Thursday, May 9, 2013

Guest Blog: { First Kiss Films } educates us on the beauty of vintage wedding cinematography

Photo credit: { First Kiss Films }

If you have seen any of { First Kiss Films } beautiful films, you know that they are more like works of art than just films. We especially love the film they did for our couple Jude & Nate in the summer of 2012. Today, Bridget of { First Kiss Films } educates us on the difference between her films and the more commonly used digital video. We hope you will learn something – we certainly did!

Wedding cinematography. It’s a “must” for some engaged couples and considered a “nice to have” for others. But when did couples first begin to have their big day captured on film?

Decades ago, before video became popular, wedding films were shot by family members on super 8mm film. These distinctive films became treasured keepsakes for couples and their families, enduring for generations. But in the 80s and 90s, digital video became popular and the “wedding video” was born. In the last decade, new technologies and styles have come a long way, but we at { First Kiss Films } are still convinced it’s only a classic filmmaking approach mixed with modern technologies that can perfectly capture the emotions of the day: vintage weddings films.

Photo credit: { First Kiss Films }

How is vintage cinematography different from digital video?
Most wedding “films” you see today actually don’t use film at all. They are shot using digital cameras and memory cards. Vintage wedding films are different. They are created using classic, hand-cranked movie cameras and real celluloid film – the kind you can hear whizzing through the camera and hold in your hand afterwards.
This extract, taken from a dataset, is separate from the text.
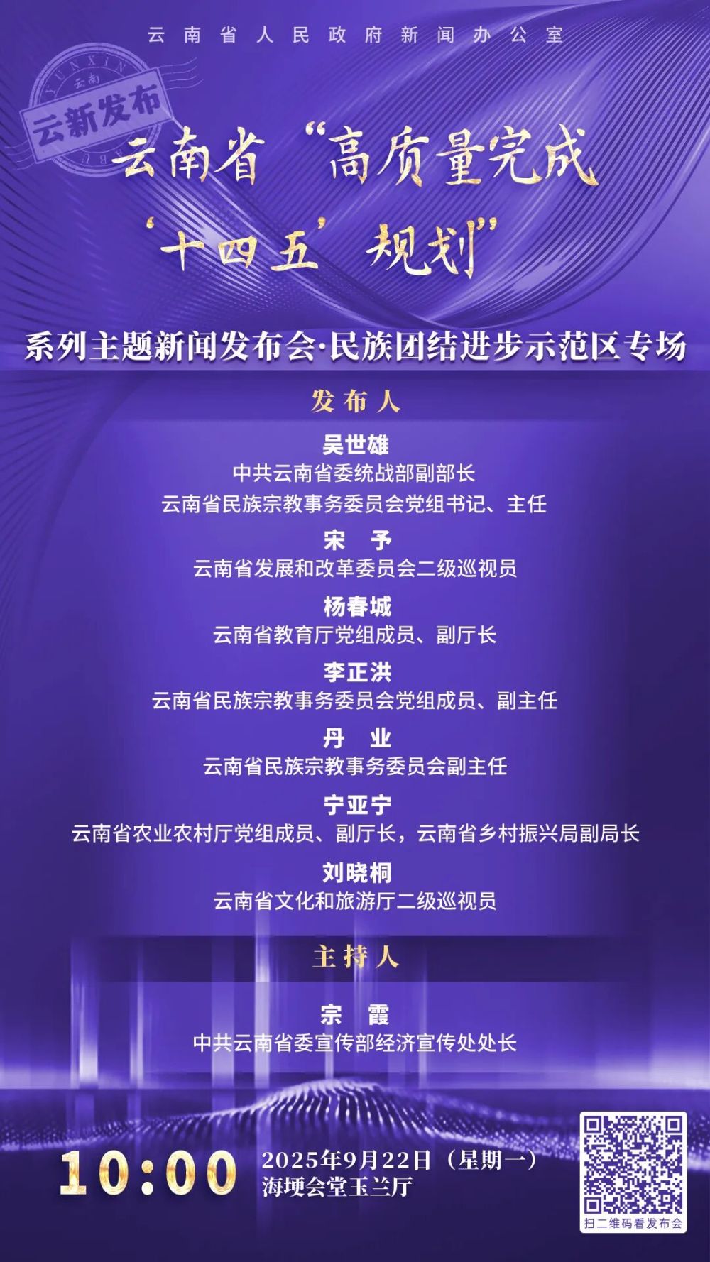 9月22日上午,云南省人民政府新聞辦公室在云南海埂會堂舉行云南省“高質(zhì)量完成‘十四五’規(guī)劃”系列主題新聞發(fā)布會·民族團(tuán)結(jié)進(jìn)步示范區(qū)專場,介紹“十四五”期間云南建設(shè)我國民族團(tuán)結(jié)進(jìn)步示范區(qū)有關(guān)工作情況并答記者問。

Photo credit: { First Kiss Films }
Sound is approached differently as well. Digital video cameras record the audio automatically so if having all of your vows and every reception speech word-for-word recorded is important to you then digital video is the way to go. Vintage films do have a sound option as well, but it is often recorded separately. The audio that is captured is then edited to select poignant sound clips from the day and creatively incorporate them throughout the final film. However, most of our clients allow the images
to speak for themselves by requesting just a soundtrack to accompany their wedding day imagery. We agree that this approach, along with a finely edited re-telling of your wedding day, creates a touching final film that you will love to watch and share with family and friends over and over again.

Photo credit: { First Kiss Films }
Why shoot on film?
Genuine film was invented 125 years ago. Aesthetically, it’s still the most gorgeous and magical medium, evoking a sense of intimacy that can be felt by the viewer. You often hear of people wanting to make HD video look like film, but you never hear of someone wanting to make film look like HD video. Because using real film achieves a dreamy, nostalgic look that digital still can not replicate, there has been a renewed interest in capturing life’s big moments on real motion picture film.


Photo credit: { First Kiss Films }
This classic analogue art form also endures the test of time. Film is the only true archival medium and will remain beautiful for a lifetime. Our clients receive their final film on DVD, but there is always a permanent, eternally legible backup copy (the film itself) that is given to our couples when their final film is delivered.

photo credit: Darren Brown Photography
But shooting on film alone does not make for a great final product. Good filmmaking is not just about the medium you choose to work with, but how you shoot and edit every frame you capture. And no one is more dedicated to that than { First Kiss Films }.

See for yourself...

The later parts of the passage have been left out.